CFO Tom Szkutak, on Amazon’s fourth-quarter earnings call Thursday, announced that the company is contemplating raising the cost of Prime in the U.S. by $20 to $40 per year — up from $79 currently, a price point that hasn’t changed since Amazon debuted the program in 2005.

Szkutak cited shipping costs, and noted Prime members are ordering more items with free two-day shipping: “Even as fuel and transportation cost have increased, the $79 price has remained the same.”

Meanwhile, there’s no doubt that the costs associated with Prime Instant Video are climbing as usage on the service has grown and more content comes into the pipeline.

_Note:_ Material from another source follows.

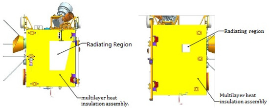 Radiating regions of the Luojia 1-01 satellite. (a) Radiating region of the +Y panel. (b) Radiating region of the −Y panel.

Amazon recently has cut deals with CBS, NBCUniversal, Turner, Warner Bros. Domestic TV Distribution, PBS and Viacom, among others. Plus, the Amazon Studios arm is continuing to invest in content, gearing up for a wave of kids’ series launches and a second round of pilots.

Amazon vaguely says it had “tens of millions” of Prime users worldwide as of the end of 2013. That implies at least 20 million members. But the company offers Prime in many countries, including Canada, the U.K., Germany, France, Japan, Spain and Italy, so it’s not clear how many U.S. subscribers it has. Regardless, Amazon’s streaming-content costs are without question on the rise.

Szkutak, however, specifically denied that TV and movie licensing pacts are part of the consideration: “Certainly video, Prime Instant Video we are investing (in) very heavily, and so those are certainly costly. Those aren’t the reasons for the price increases that we’re contemplating.”

It’s worth noting that if Prime increased to $99 annually, that would be $8.25 per month — just a 26 cents more than Netflix’s $7.99 price point.

Netflix, meanwhile, is pondering its own price moves. The company last April introduced a four-concurrent stream “family” plan at $11.99 per month, and in late 2013 began testing two additional options: a $6.99 single-stream, standard-def only plan and a $9.99 three-stream variant. The $7.99 plan provides up to two concurrent HD streams.

Szkutak also was asked whether Amazon would at some point offer Prime in different tiers — and whether the company would break off Prime Instant Video as a standalone service. He wouldn’t take the bait. “I wouldn’t speculate,” Szkutak replied. “We might or might not do in the future, but we like the Prime program where we have invested very heavily in it.”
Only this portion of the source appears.